Question

The set of points of discontinuity of the function \( f(x) = x - [x], x \in \mathbb{R} \) is:

• A. \( \mathbb{Q} \)
• B. \( \mathbb{R} \)
• C. \( \mathbb{N} \)
• D. \( \mathbb{Z} \)

Hint:

To find discontinuities of a function involving the floor function, check points where \( [x] \) changes, typically at integers. Compare left and right limits to confirm jumps.

Answer 1

The Correct Option is D

Step 1: Define the function and understand \( [x] \).
The function is \( f(x) = x - [x] \), where \( [x] \) denotes the greatest integer less than or equal to \( x \) (the floor function). The fractional part of \( x \) is given by \( \{x\} = x - [x] \), so: \[ f(x) = \{x\}, \] which is the fractional part of \( x \), and \( 0 \leq \{x\}<1 \) for all \( x \in \mathbb{R} \).
Step 2: Identify points of discontinuity.
A function is discontinuous at a point where the limit does not equal the function value or the limit does not exist. For \( f(x) = \{x\} \):
At integer points \( x = n \) (where \( n \in \mathbb{Z} \)), \( [n] = n \), so \( f(n) = n - n = 0 \).
As \( x \) approaches \( n \) from the left (\( x \to n^- \)), \( [x] = n - 1 \), so \( f(x) = x - (n - 1) \to n - (n - 1) = 1 \).
As \( x \) approaches \( n \) from the right (\( x \to n^+ \)), \( [x] = n \), so \( f(x) = x - n \to 0 \).
The left-hand limit is 1, the right-hand limit is 0, and \( f(n) = 0 \), so the limit does not exist at \( x = n \), indicating a discontinuity.

Step 3: Check non-integer points.
For \( x \) not an integer (e.g., \( x = n + \delta \) where \( 0<\delta<1 \)):
\( [x] = n \), so \( f(x) = x - n \).
As \( x \to (n + \delta)^- \) and \( x \to (n + \delta)^+ \), \( [x] \) remains \( n \) (since \( \delta \) is fixed and small), and \( f(x) = x - n \) is continuous because \( [x] \) is constant in a small neighborhood excluding integers.
Thus, \( f(x) \) is continuous at non-integer points.

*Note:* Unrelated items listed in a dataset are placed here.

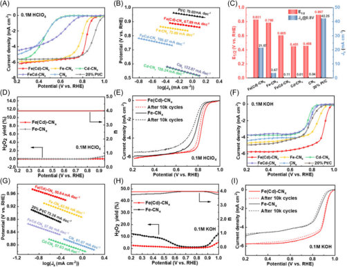 Fe(Cd)-CNx催化劑在酸性和堿性溶液中的電化學ORR性能
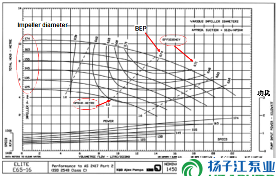 從曲線中可以看出:多種葉輪直徑,泵的輸入功率,BEP,效率,NPSHR
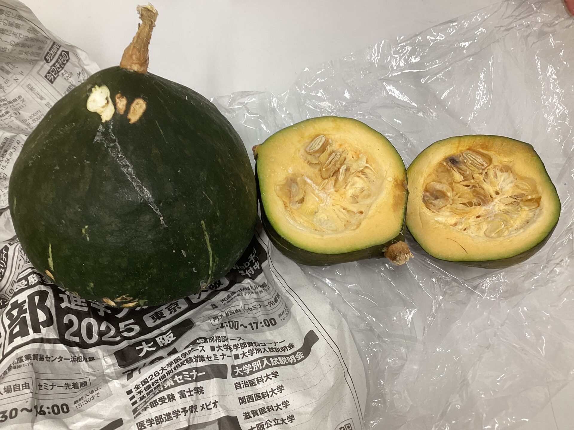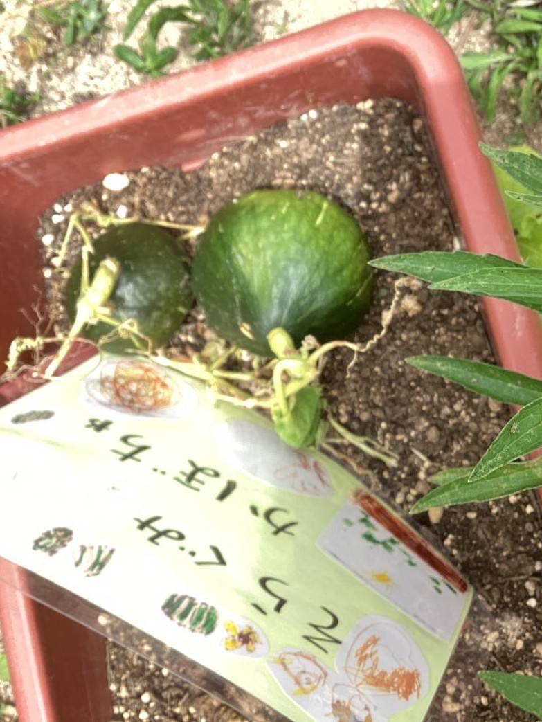 クラス便りでかぼちゃが出来た事をお知らせしました。その後の成長が楽しみだったのですが、この暑さと害虫の被害にあってしまい、この度小さな小さなかぼちゃが2つの収穫で畑終いとなりました…。
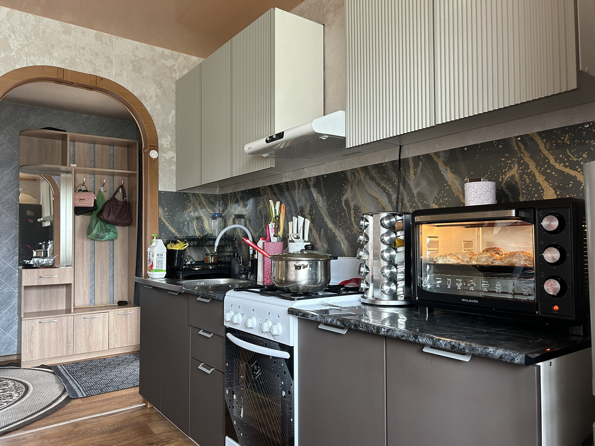 В шаговой доступности школа, магазины, кофе, ДК и др.
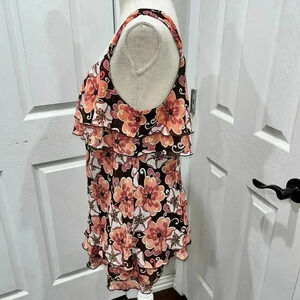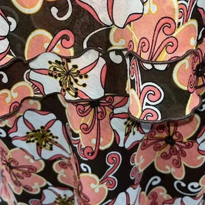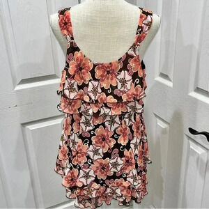 Description: Sleeveless blouse with tiered ruffles. Lined, pullover, flattering, floral. Darling for Work or Casual, wear
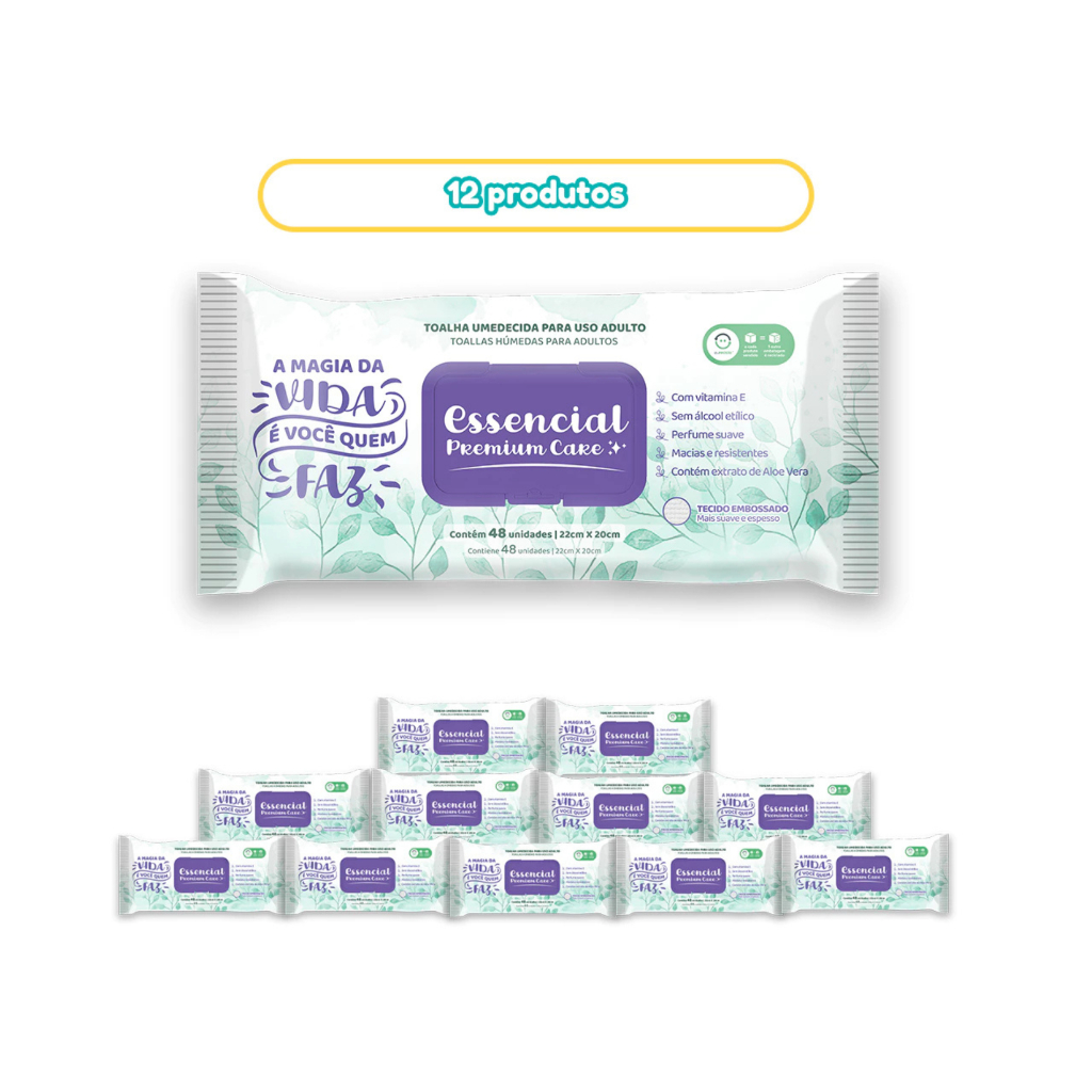 Comprar na Shopee12 Pacotes de Toalhas Umedecidas Adulto 48fls Essencial Care

Step 4: Determine the set of discontinuities.
The discontinuities occur only at integer points \( x = n \) where \( n \in \mathbb{Z} \). Therefore, the set of points of discontinuity is \( \mathbb{Z} \).
Step 5: Verify against options.
% Option (A) \( \mathbb{Q} \): Rational numbers include non-integers where \( f(x) \) is continuous.
% Option (B) \( \mathbb{R} \): All real numbers include non-integers where \( f(x) \) is continuous.
% Option (C) \( \mathbb{N} \): Natural numbers are a subset of \( \mathbb{Z} \), but \( \mathbb{Z} \) includes all integers.
% Option (D) \( \mathbb{Z} \): Integers match the points of discontinuity.